Light emitting or absorbing systems (molecules, polymers, materials) are widely used in the industry: from chemical sensors (in analytical chemistry or biochemistry) to organic light emitting diode (OLED) devices used in smartphones, television, laptops, vehicle and public transport, etc. The OLED market alone is predicted to grow by over 15 % within the next few years. There is an ongoing challenge for industry to manufacture advanced displays that meet today’s demands, such as high readability, low power consumption, flexibility, or operation stability.
The Challenge
Optical absorption or emission spectrum is one of the properties that play a key role in the usage and performance of light emitting/absorbing materials. Accurate prediction of molecular UV absorption spectra is crucial in order to propose, design and develop new molecules. Virtual screening methods are highly useful in this context. The approaches used for predictions need to be cheap, fast, automatable, and reliable. In this way, modeling can reduce development cost significantly and narrow down the design space to the most promising set of potential candidates.
The Work
In this case study, a correlative model was developed for predicting the first absorption wavelength using a data set comprising 40 fluorophore and polycyclic aromatic molecules. 3D models of the compounds were built and relaxed using MAPS building tools.

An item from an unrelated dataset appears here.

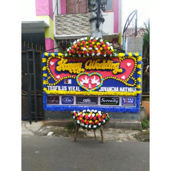 PAPAN BUNGA HAPPY WEDING BUNGA PALSU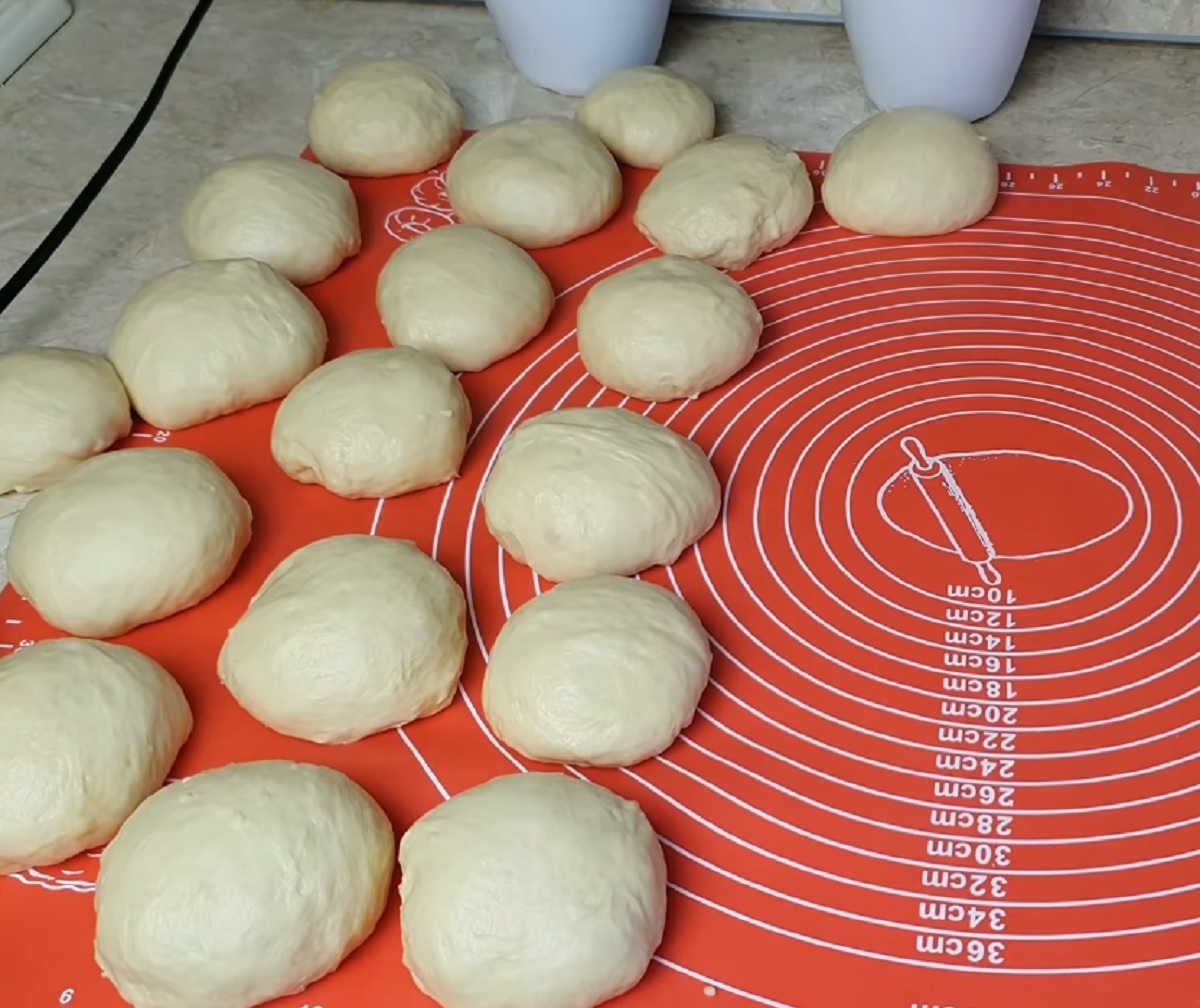 Těsto rozdělte na stejné kousky (cca 18 kusů) a vytvarujte z nich kuličky.

The structures were optimized at semiempirical level. For developing correlative models, molecular features, also called descriptors, were obtained from semi-empirical ab-initio calculations using the MAPS MNDO module and from the MAPS QSPR plugin. Both genetic algorithm and model refinement approaches were used to reduce the number of descriptors for the final models.
The Results
A combined semi-empirical quantum mechanical (SE-QM) and a quantitative structure–property relationship (QSPR) approach was developed for predicting key properties of potentially interesting chromophores or OLED molecules. This combined approach shows an improved predictability compared to single method approaches, i.e. QSPR or SE-QM, without increasing the calculation time significantly.
The presented approach is applicable in general and illustrates how pure QSPR-based modeling can be enriched and improved with negligible additional computation cost.